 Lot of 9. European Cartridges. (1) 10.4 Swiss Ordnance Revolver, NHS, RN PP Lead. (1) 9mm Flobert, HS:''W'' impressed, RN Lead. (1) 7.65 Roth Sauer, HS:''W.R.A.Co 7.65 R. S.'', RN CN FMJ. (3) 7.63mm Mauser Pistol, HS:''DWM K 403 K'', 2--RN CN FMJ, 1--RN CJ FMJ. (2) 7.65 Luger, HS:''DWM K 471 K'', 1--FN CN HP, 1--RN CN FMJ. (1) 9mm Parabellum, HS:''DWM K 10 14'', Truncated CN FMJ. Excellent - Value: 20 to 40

===============

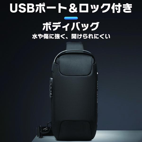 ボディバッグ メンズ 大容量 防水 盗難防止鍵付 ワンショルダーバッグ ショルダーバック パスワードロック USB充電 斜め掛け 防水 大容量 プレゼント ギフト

===============

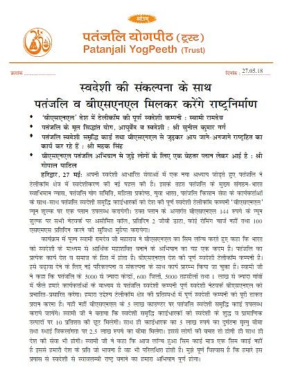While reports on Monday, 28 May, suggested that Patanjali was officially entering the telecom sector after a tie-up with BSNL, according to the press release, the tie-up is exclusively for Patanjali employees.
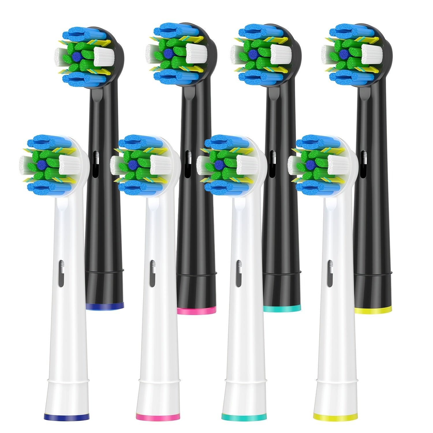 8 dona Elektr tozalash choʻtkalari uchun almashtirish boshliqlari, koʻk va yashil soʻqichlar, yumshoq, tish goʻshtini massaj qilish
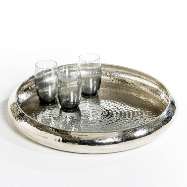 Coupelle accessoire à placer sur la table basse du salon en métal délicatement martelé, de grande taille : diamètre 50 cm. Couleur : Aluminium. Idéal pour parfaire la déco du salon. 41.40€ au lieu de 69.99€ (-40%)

===============

Within these entries, output exactly the lines starting at the one with "8 dona Elektr" and finishing at the one with "Coupelle accessoire à". Leave pictures out of the output.

 8 dona Elektr tozalash choʻtkalari uchun almashtirish boshliqlari, koʻk va yashil soʻqichlar, yumshoq, tish goʻshtini massaj qilish
 Coupelle accessoire à placer sur la table basse du salon en métal délicatement martelé, de grande taille : diamètre 50 cm. Couleur : Aluminium. Idéal pour parfaire la déco du salon. 41.40€ au lieu de 69.99€ (-40%)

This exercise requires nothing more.